Шло время, население всех трех стран разрасталось, и все больше требовалось покрывал для домиков и качелей для детских площадок в Детское Королевство, а также комплексных обедов и противорадикулитных поясов в Родительскую Монархию. А у взрослых, как назло, спад производства – и оборудование износилось, и половина работоспособного населения то и дело на больничном сидит, потому что сил больше нет. В общем, стали поставки срывать и оставлять соседей без полезных материалов и без полноценного питания.

Вот тогда-то все и заволновались. Родителям надо законы новые писать – а нечем и не на чем. Детям развивающих игр не хватает и кушать очень хочется. А взрослые еле шевелятся, как осенние мухи, вот-вот и вовсе в спячку впадут. Что делать? Как выживать?

История не сохранила сведений, кто первый подал идею устроить общий сбор. В детских летописях он называется «Большая Тусовка», в родительских – «Всеобщий Саммит», а у взрослых – «Триединое Царство». Названия разные, но события описаны одни и те же: общий сбор состоялся, и на нем были приняты судьбоносные решения.

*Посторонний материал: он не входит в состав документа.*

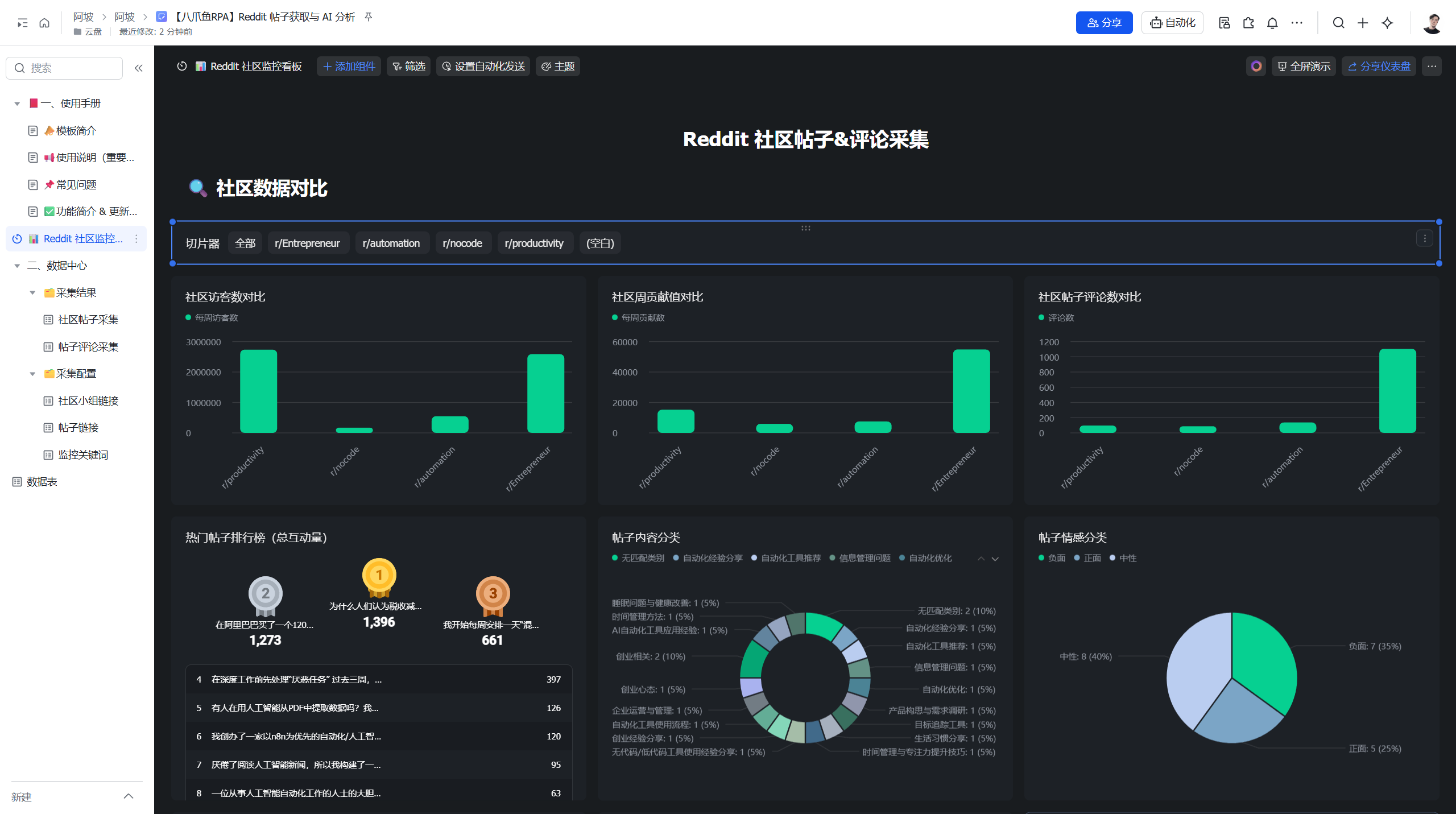 现在,你已拥有了一套开箱即用的自动化舆情监控解决方案。它深度整合了 Reddit 数据采集与飞书多维表格/BI 看板,能够持续为你完成关键词与热门帖的舆情监控,将你从繁琐、重复的社群数据搬运工作中彻底解放,使舆情监控变得系统、高效且一目了然。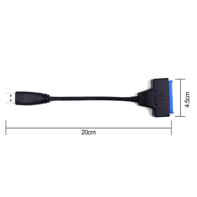 · USB 3.0 ver SATA Adapter Cable pour 2.5 » SSD/HDD Drives: Connectez directement un disque dur SATA 2,5 pouces à votre ordinateur via un adaptateur USB Disque Dur. L’adaptateur mesure 0,2 mètre de long.

Но сначала, конечно, все на этом сборище переругались.

От Детского Королевства прибыл король Вася 482-ой, потому что как раз в этот день ему удалось отобрать корону у Пети 718-го.

- Что же вы творите, как вы можете? – кричал Вася, топая ногами и надувая и без того пухлые щеки. – Третий день без пирожных и каруселей – где это видано? Где наше счастливое детство, скажите на милость??? Да вы просто детей не любите! Мы будем жаловаться! И плакать! Ы-ы-ы-ы-ы!

- Ежели заказы сформированы и приняты к исполнению, то отгрузка и доставка должны быть выполнены в надлежащий срок и в подобающем виде, — бубнил с листа ноту протеста Монарх-Патриарх, представитель Родителей.

А Главный Взрослый сидел и просто молчал. Он смертельно устал, и у него не было сил вступать в дискуссии.

Но вот в какой-то момент говорящие выдохлись и, так и не услышав ответов на свои вопросы, наконец-то обратили внимание на безнадежно молчащего взрослого.

- Дяденька. вам плохо? – спросил король Вася. Он, в принципе, был добрый мальчик, только очень уж увлеченный собственными «хотелками».

- Нужна помощь, сынок? – наконец-то оторвавшись от бумаг, уставился на него через очки Родитель.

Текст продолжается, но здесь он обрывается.